Given information
━━━━━━
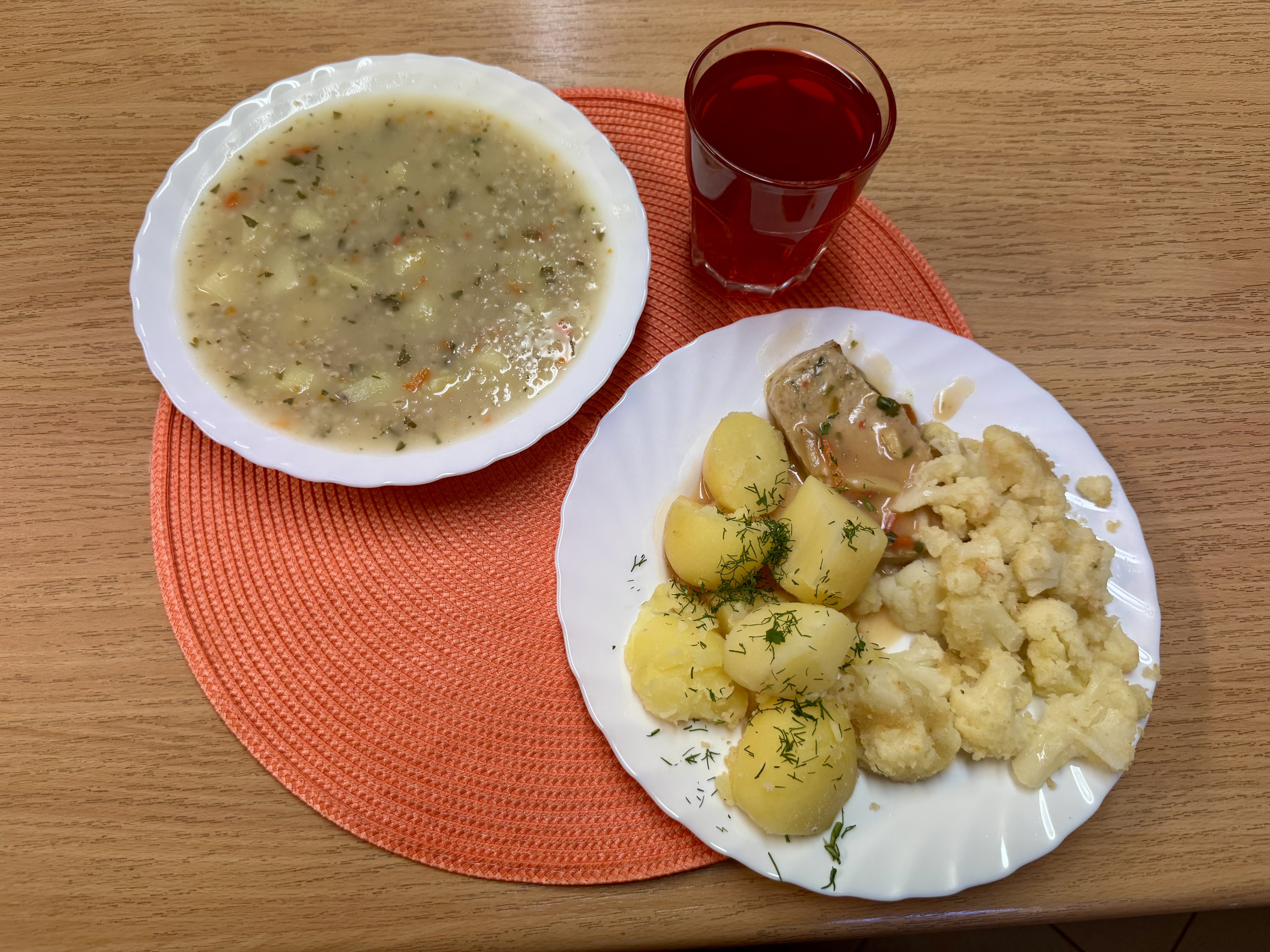 | Krupnik z kaszy jęczmiennej z ziemniakami (GLU, MLE) Rolada drobiowa mielona z marchewką i pietruszką gotowana na parze 90g Ziemniaki 200g Kalafior gotowany 140g Kompot owocowy 250ml |
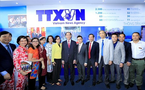 | Le président Trân Dai Quang (centre) tenant le journal Vietnam News de l'Agence vietnamienne d'Information. |
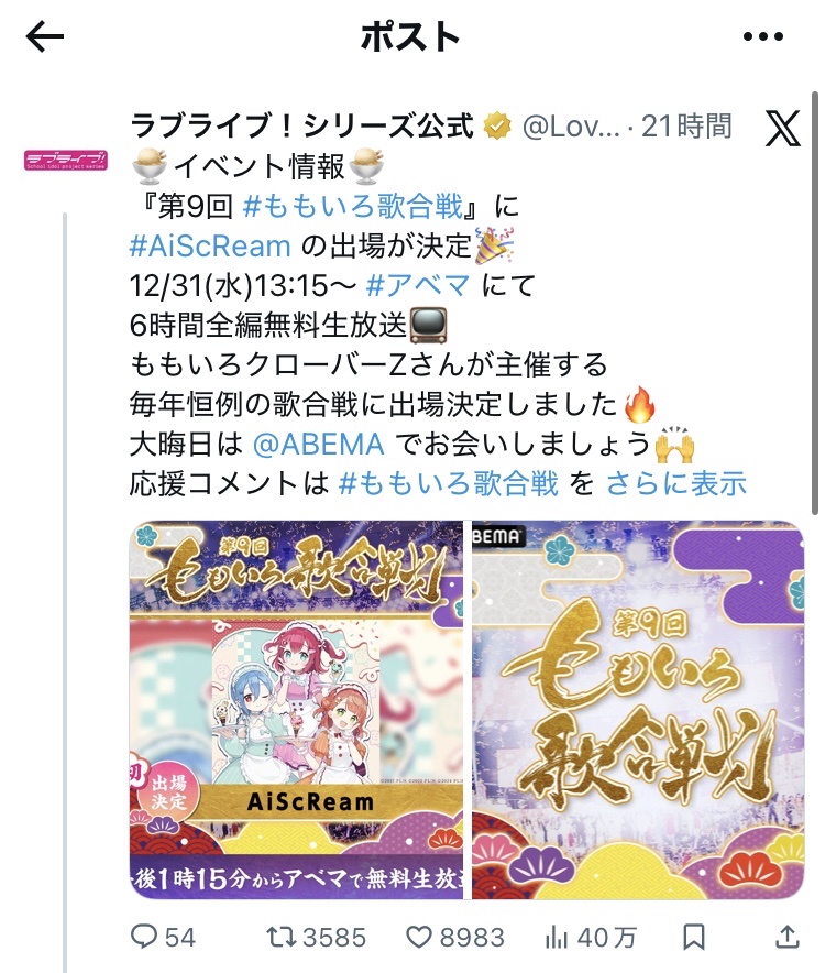 ラブライブ→オワコン
━━━━━━
What is being asked
Each line above should be printed again exactly, though the pictures should not be.

Output for this exercise
 | Krupnik z kaszy jęczmiennej z ziemniakami (GLU, MLE) Rolada drobiowa mielona z marchewką i pietruszką gotowana na parze 90g Ziemniaki 200g Kalafior gotowany 140g Kompot owocowy 250ml |
 | Le président Trân Dai Quang (centre) tenant le journal Vietnam News de l'Agence vietnamienne d'Information. |
 ラブライブ→オワコン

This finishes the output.